ABOUT THIS EXERCISE
The whole listing below should be retyped exactly, without any images.
------ RECORDED DATA
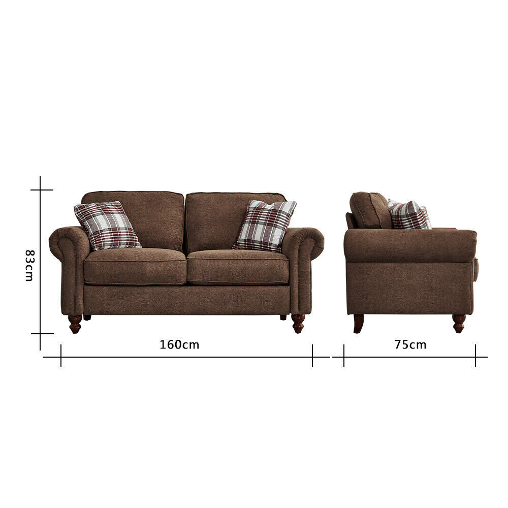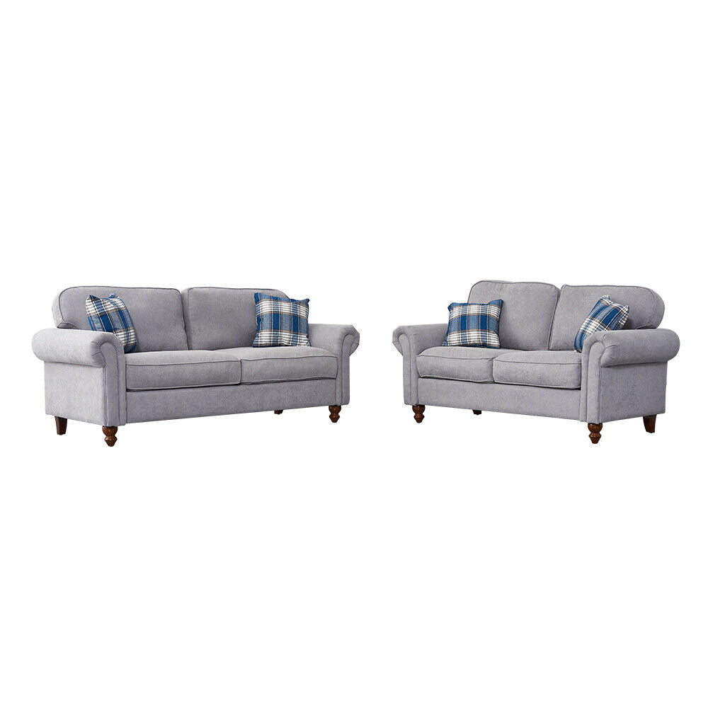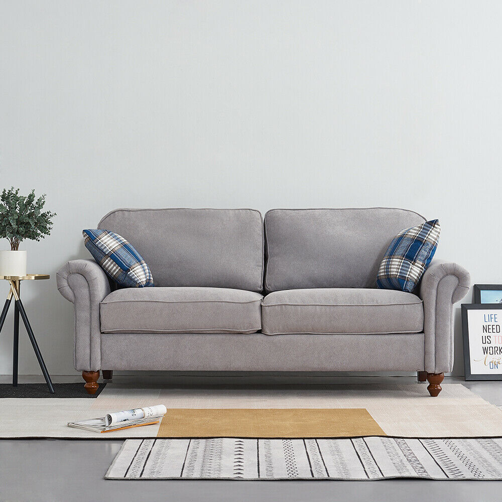 2, 3 Seater Grey Linen Fabric Sofa Armchair Lounger with 2 Pillows Living Room
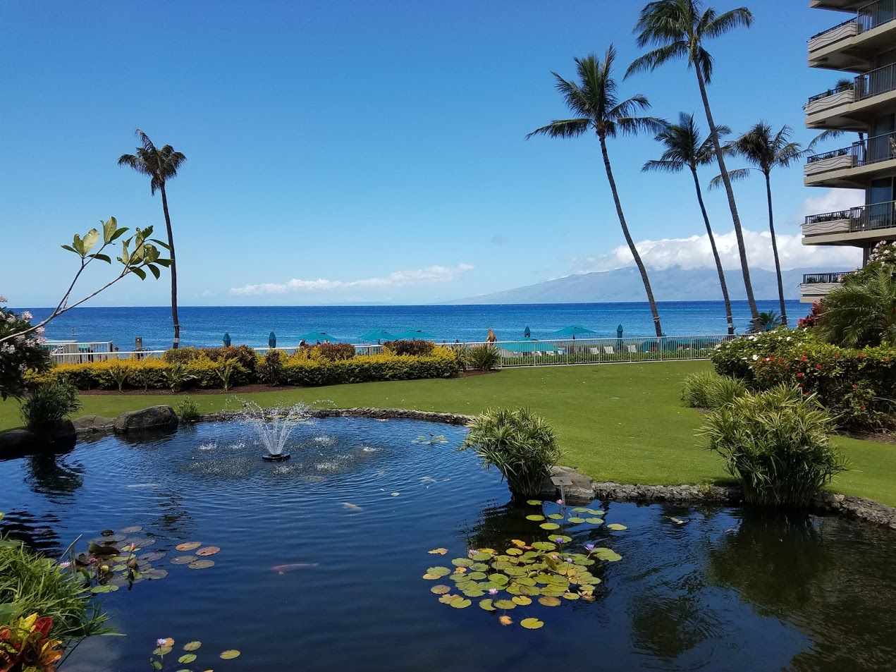 The 2 towers inside this gated community are both beachfront, less than 40 feet from Kaanapali Beach.
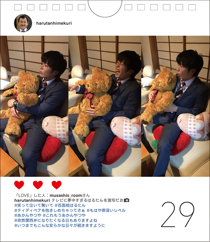 公式インスタグラム『武蔵の部屋』のように、日めくりオリジナルの、はるたんを想う武蔵の言葉やハッシュタグが満載!
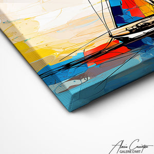 Moderne et stylisée, notre tableau bateau contemporain est une interprétation artistique des embarcations maritimes, idéale pour ceux qui apprécient l'art moderne et la thématique de la mer.
------------
TASK SOLUTION
 2, 3 Seater Grey Linen Fabric Sofa Armchair Lounger with 2 Pillows Living Room
 The 2 towers inside this gated community are both beachfront, less than 40 feet from Kaanapali Beach.
 公式インスタグラム『武蔵の部屋』のように、日めくりオリジナルの、はるたんを想う武蔵の言葉やハッシュタグが満載!
 Moderne et stylisée, notre tableau bateau contemporain est une interprétation artistique des embarcations maritimes, idéale pour ceux qui apprécient l'art moderne et la thématique de la mer.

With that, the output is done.